The most established technologies used for loss-of-function studies in plants are chemical mutagenesis and the use of transposons or Agrobacterium T-DNA insertions to create disruptions in coding sequences. These technologies have been widely and successfully used and are still the method of choice for the model plant Arabidopsis. There are, however, a few important points to consider that limit the adoption of these approaches in other plant species. First, these techniques require the generation of large populations to screen for mutations in a gene of interest (Bouche and Bouchez, 2001; Parinov and Sundaresan, 2000). Even with new technologies such as Targeting Induced Local Lesions In Genomes (TILLING) (reviewed in Henikoff and Comai, 2003) and the availability of large T-DNA collections, identifying a knockout mutation in a specific gene is not trivial. Second, the creation of T-DNA- or heterologous transposon-mutagenized populations requires the large-scale generation of transgenic plants, a time-consuming process that is limited to a handful of plant species. Third, the presence of large gene families and gene duplications in plant genomes means that many point mutations and insertions do not generate obvious phenotypes (Bouche and Bouchez, 2001). As a result, many mutations are missed and the function of the gene under study remains unknown. Finally, when a mutation is identified in T-DNA or transposon insertion lines, they may not occur in isolation but in the presence of second, or sometimes multiple other insertions. In most instances, this is undesirable as it may complicate the interpretation of the knockout phenotype (Henikoff and Comai, 2003). To isolate the desired mutation away from other unlinked mutations it is often necessary to perform several backcrosses, a process that can be laborious and time-consuming. VIGS, which avoids most of these difficulties, can therefore be seen as a complementary approach to traditional approaches as discussed in the following sections.

VIGS compared with other functional genomic approaches

VIGS is rapid.  A significant advantage of VIGS as a functional genomics tool is that it can identify a loss-of-function phenotype for a specific gene within a single generation. Because the gene of interest is directly targeted in VIGS there is no need for screening large populations to identify a mutation in a specific gene. In a forward genetics VIGS screen, only a single plant is needed to identify a phenotype and an initial result can be rapidly scaled up and repeated. Also, the gene responsible for an interesting phenotype can be quickly sequenced from the VIGS vector and identified.

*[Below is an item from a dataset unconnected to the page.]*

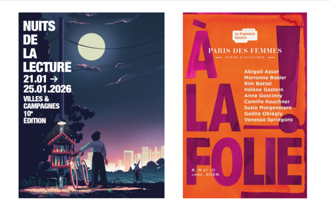 - 10e édition des Nuits de la lecture, du 21 au 25 janvier 2026 partout en France. Organisé par le Centre national du livre sur proposition du ministère de la Culture, cet événement célèbre le plaisir de lire à travers des milliers de manifestations physiques et numériques. Pour cette édition anniversaire, le public est invité à explorer le thème « Villes et campagnes » : des territoires qui s'opposent et se répondent dans la littérature, du roman du XIXe siècle à la science-fiction contemporaine, en passant par les questionnements actuels sur la transition écologique. L'affiche 2026 est signée par l'illustrateur Tom Haugomat. Marie-Hélène Lafon (Prix Renaudot 2020) et Laurent Gaudé (prix Goncourt 2004) seront respectivement marraine et parrain de cette édition. Temps fort : une soirée littéraire et festive le 23 janvier à Ground Control (Paris) avec table ronde, performance croisée lecture-musique (Simon Johannin et Molécule) et DJ set. Plus d’informations ici.
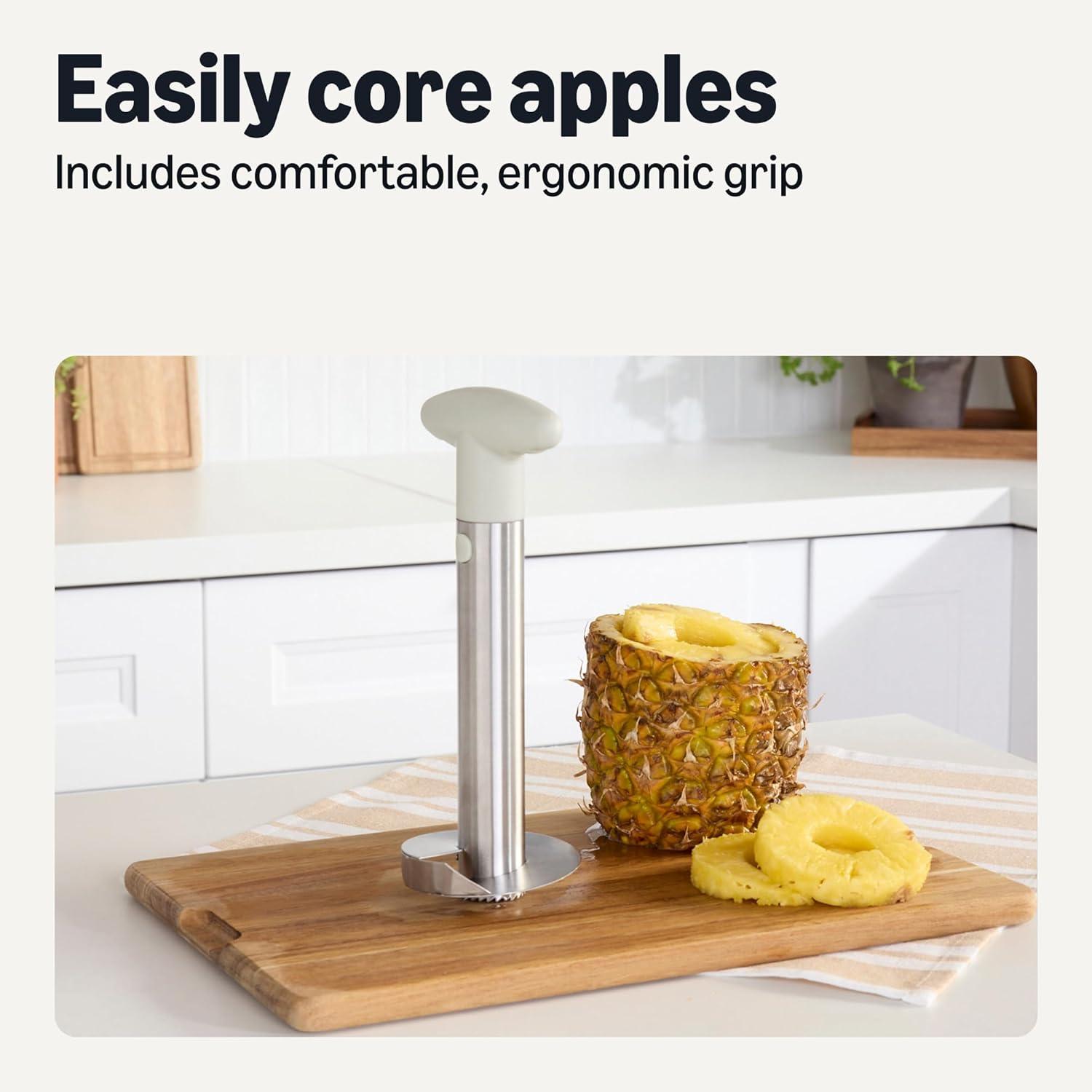 This convenient 2-piece set includes a stainless steel pineapple corer and apple corer, making fruit preparation quick and effortless with sharp serrated blades and ergonomic designs. Both tools are dishwasher-safe, made from food-grade materials, and feature durable construction for long-lasting kitchen use. Amazon Basics are the quality products you count on for all your everyday moments.

VIGS avoids plant transformation.  VIGS is a transient method that does not rely on the generation of transgenic plants, a procedure that is difficult in many plant species. As VIGS is carried out in a young plant or mature seedling, loss-of-function phenotypes that would otherwise result in death at early stages of development are often, but not always, avoided. This potentially means that more genes with roles in development can be studied by VIGS.

VIGS overcomes functional redundancy.  The problem of redundancy because of the presence of gene families can also be addressed through the use of VIGS. By using a targeting sequence derived from the most highly conserved region of a gene family, it is possible to silence all or most members of a given family. Conversely, specific members of a gene family can be targeted by selecting unique sequence stretches in family members.

VIGS allows rapid comparisons of gene function between species.  Another advantage of VIGS is that it readily allows the comparison of gene function between different species. The TRV-VIGS vector designed by Liu et al. can be used in both N. benthamiana and tomato to determine gene function (Ekengren et al., 2003; Liu et al., 2002a,b). This vector was recently used to show that certain MAPKs and COI1 function in disease resistance to a bacterial pathogen in tomato as well as to a virus in N. benthamiana (Ekengren et al., 2003; Liu et al., 2004b).

VIGS works in different genetic backgrounds.  VIGS can also be used to rapidly test the function of a gene in multiple genetic backgrounds of a single species. In contrast, most mutant populations have been generated in a single genotype (e.g. Columbia-0 for Arabidopsis) and assessment of a mutant allele in different ecotypes requires multiple backcrosses. This is an important issue because some mutations can produce different phenotypes in the context of different genotypes. The versatility of VIGS in this regard means that a more thorough analysis of gene function can be performed and the potential problems of genotype-specific effects can be avoided.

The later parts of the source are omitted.